--- What needs to be done ---
Below is a listing with pictures. Repeat exactly the lines starting at the one holding "More information about" and going on through the one holding "Fabrics scraps in", and leave every picture out.

--- Task data ---
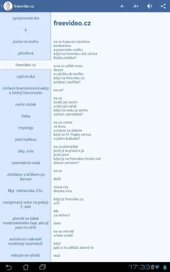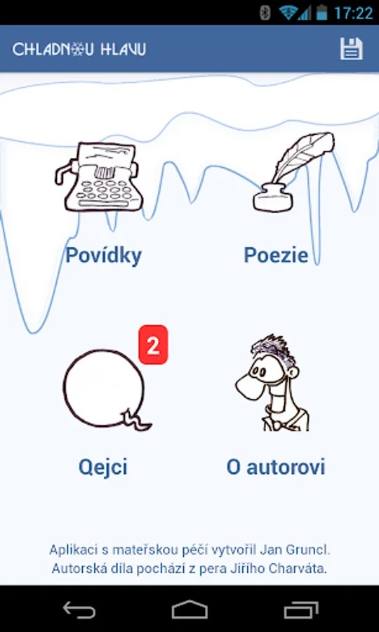 Kromě eponymous short story cycle application offers a collection of innovative poetry and complete vaginally-existential comic Qejci , the new episode to you přikutálejí almost every week.
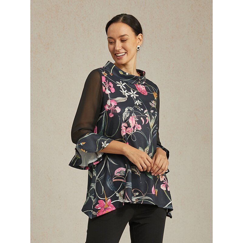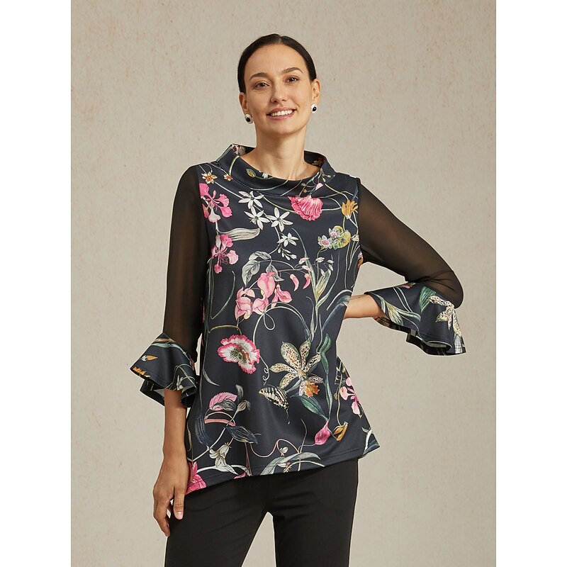 More information about Women's Blouse Black Floral Print Stretch Chiffon Sleeves Bateau Neckline Casual Daily Spring Summer Fall
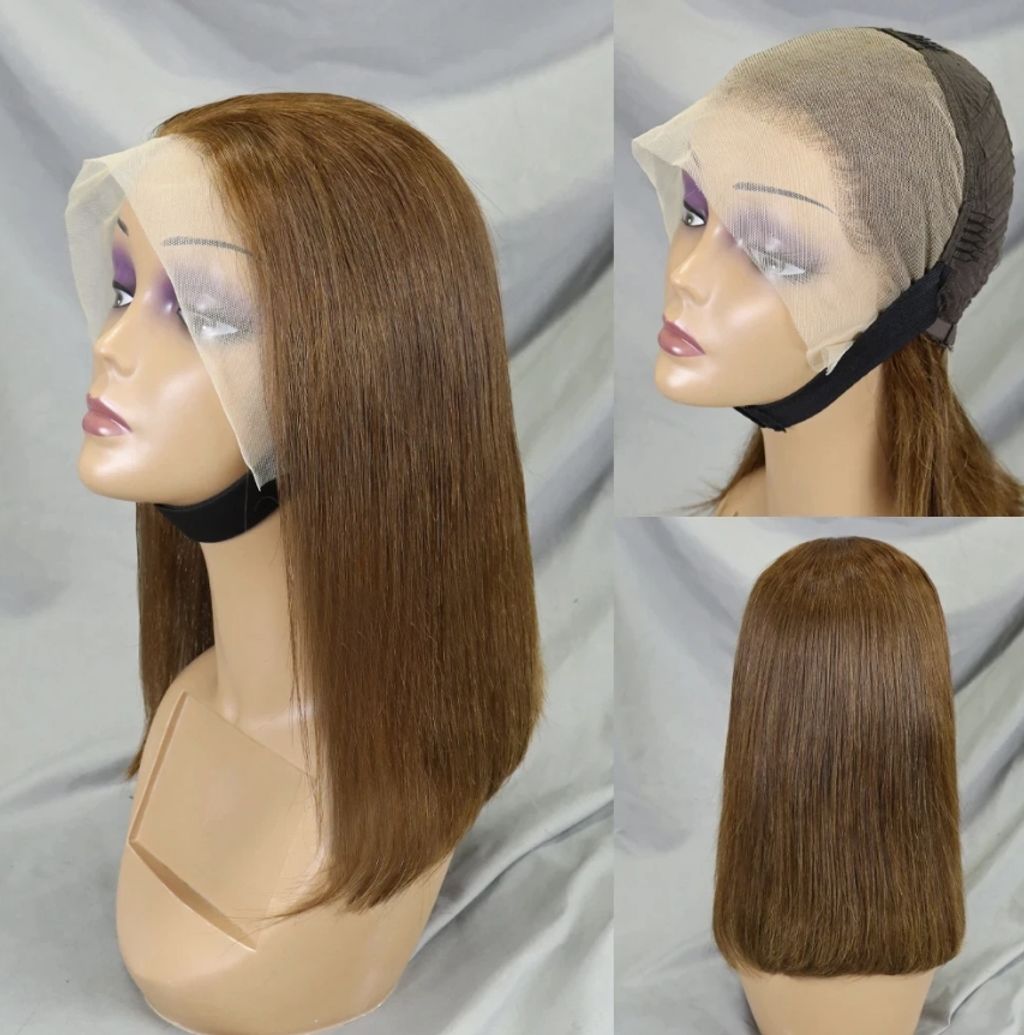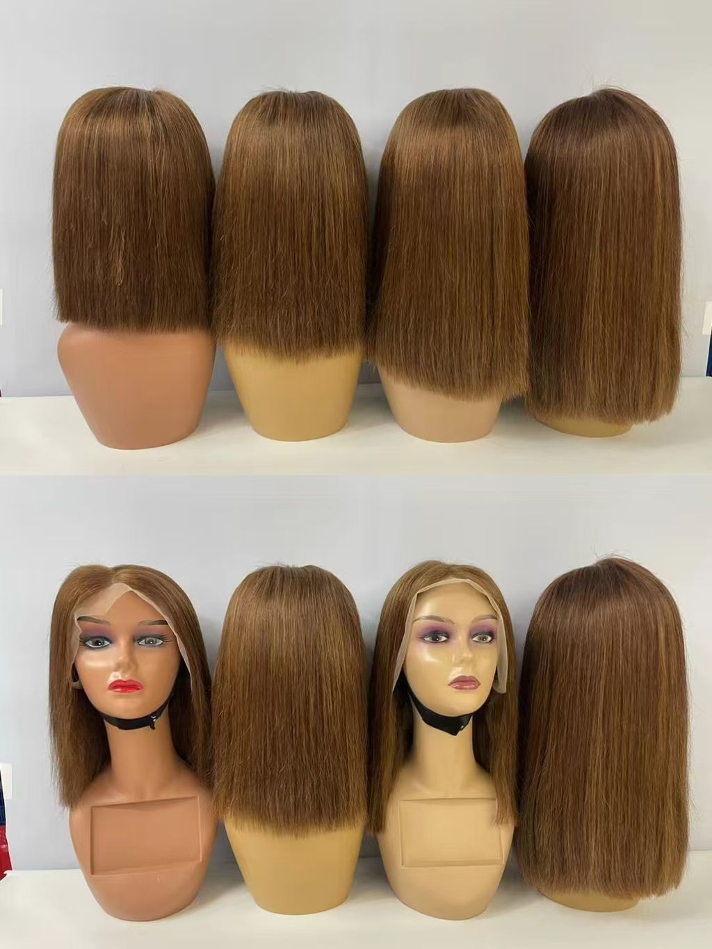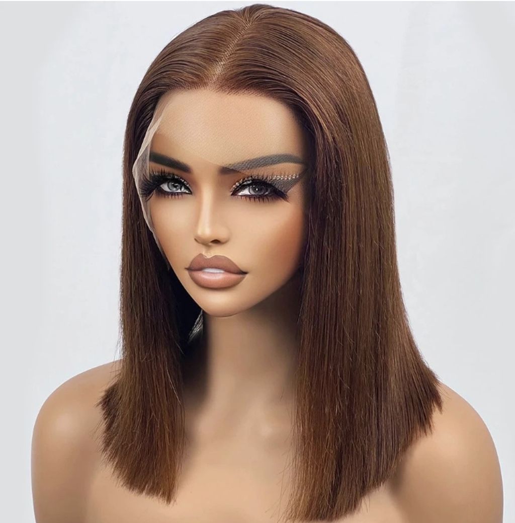 Brown Short Bob Wig Human Hair Straight 13x4 Lace Front Human Hair Wigs Pre Plucked Hairline Free Part Wigs For Women
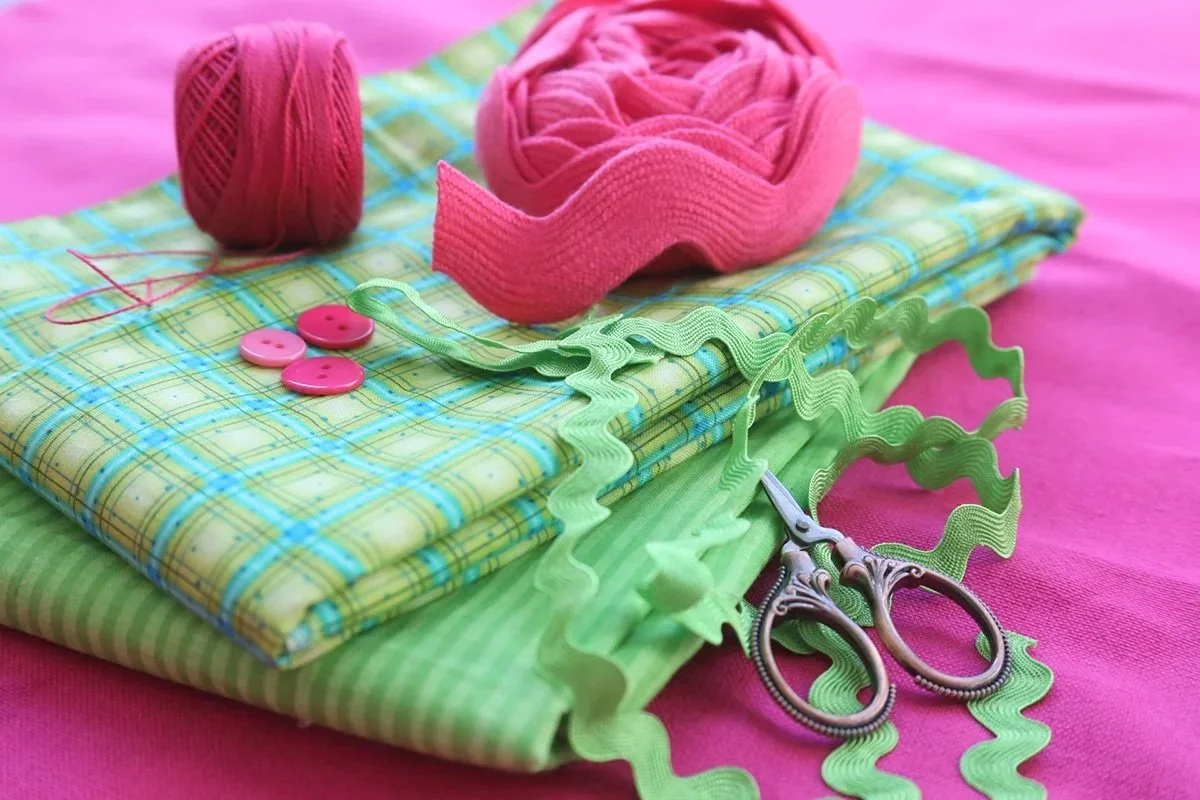 Fabrics scraps in a variety of bold colors and patterns
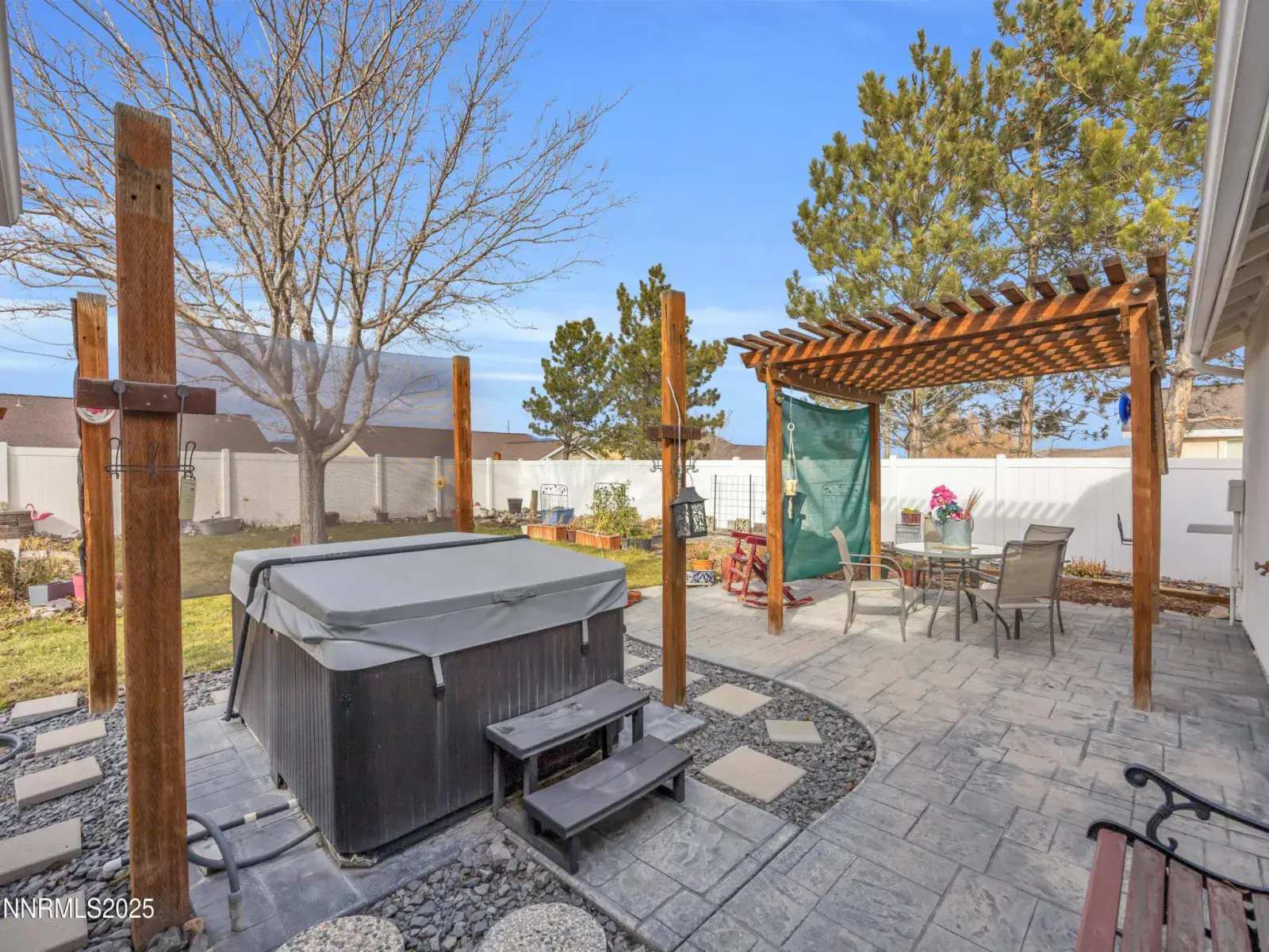 Pride of ownership is noticeable throughout this beautifully well-maintained home. Thoughtful details includes a spacious kitchen with high cabinets that provide ample storage, granite countertops with a tile backsplash that brings a touch of modern design and easy maintenance, perfect for both everyday cooking and entertaining, expansive picture windows that fill the space with warm natural light while showcasing the outdoor views, wood shutters throughout the home, the primary bathroom has been upgraded with a modern tile walk-in shower, and a sleek floating sink. This property is one a kind, offering an outdoor build in kitchen equipped with BBQ, microwave, refrigerator, storage, and ample counter space to prepare meals, charming pergola, a mature tree that provides natural shade, stamped concrete patio, relaxing hot tub, RV parking, together these amenities transform the back yard into the perfect outdoor living, it’s an ideal setting for dining, relaxing, and hosting family and friends. This home also offers the rare benefit of no HOA.
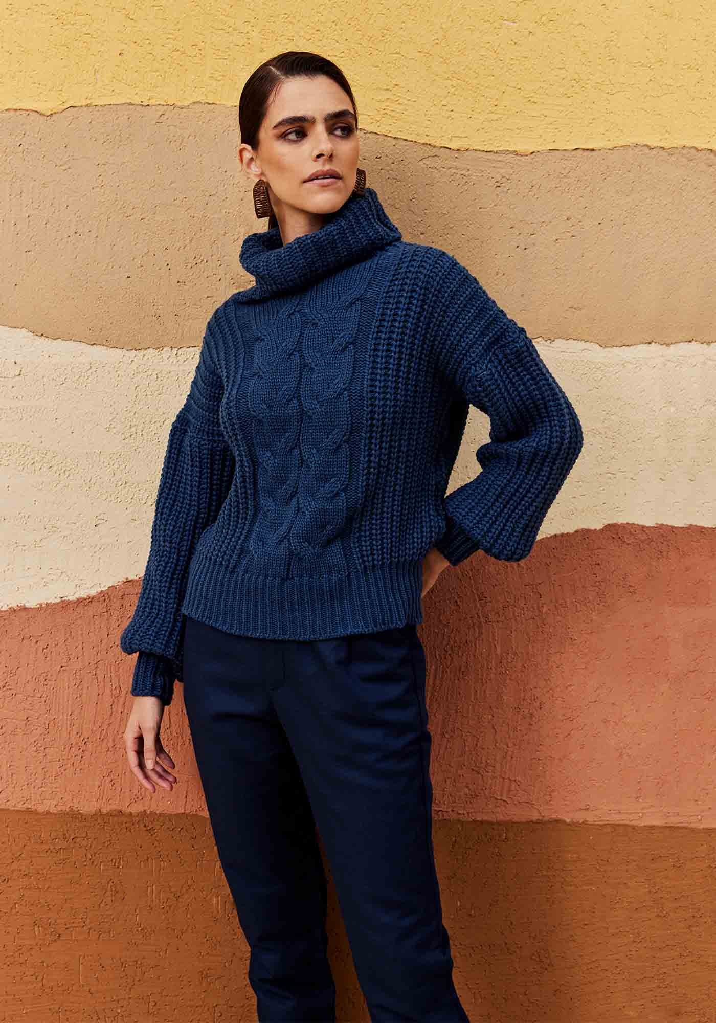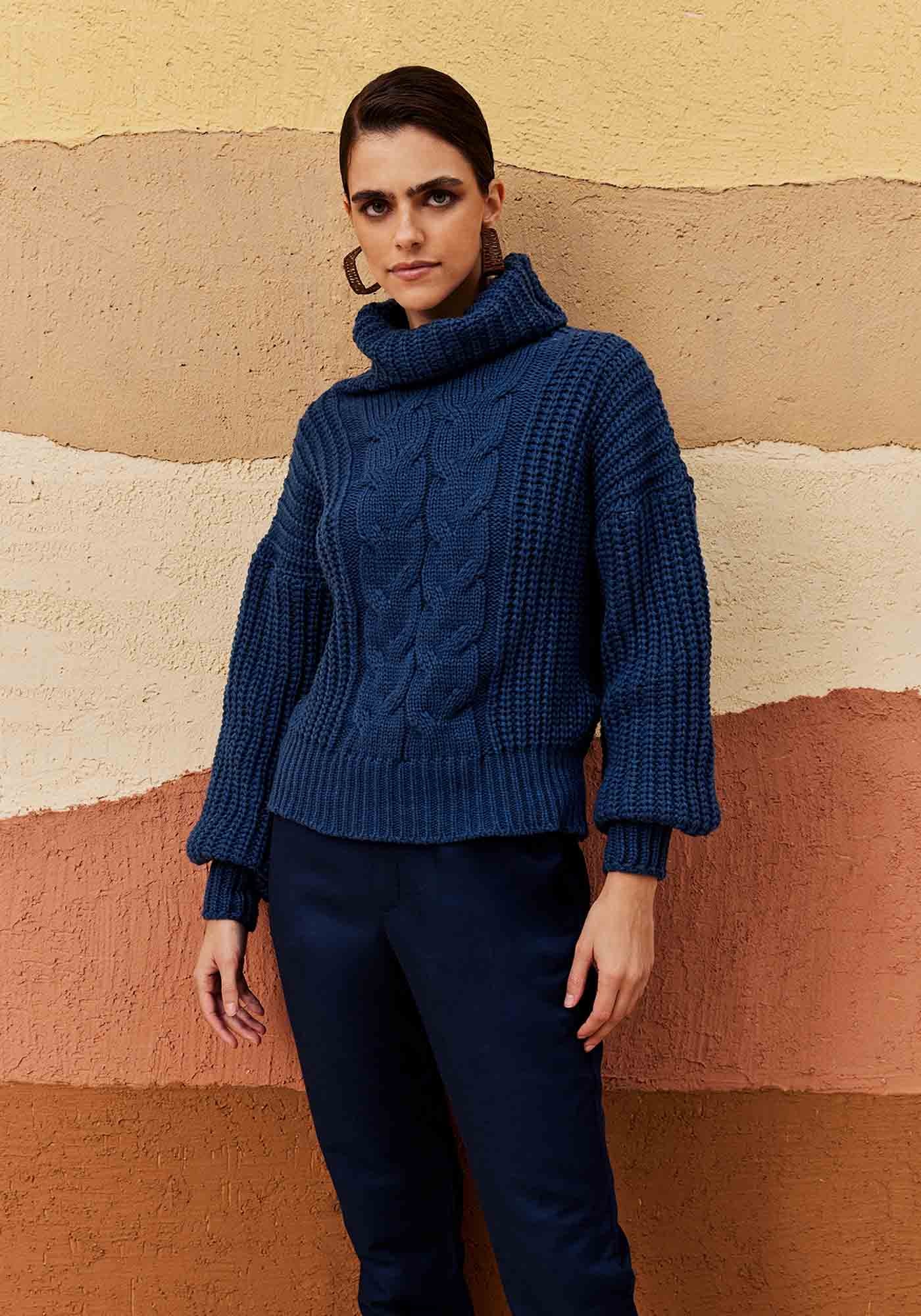 Elegância e textura se encontram nesta Blusa Gola Alta confecionada em tricot com detalhe de tranças na parte frontal, que acrescentam um charme adicional à peça. As mangasbufantes e a pala no punho e na barra trazem um toque de feminilidade, enquantoa gola alta volumosa garante aconchego e um visual imponente. A peça é perfeitapara aqueles dias mais frios, oferecendo o equilíbrio ideal entre conforto eestilo, seja para um look casual ou para um evento mais sofisticado.

--- Task output ---
 More information about Women's Blouse Black Floral Print Stretch Chiffon Sleeves Bateau Neckline Casual Daily Spring Summer Fall
 Brown Short Bob Wig Human Hair Straight 13x4 Lace Front Human Hair Wigs Pre Plucked Hairline Free Part Wigs For Women
 Fabrics scraps in a variety of bold colors and patterns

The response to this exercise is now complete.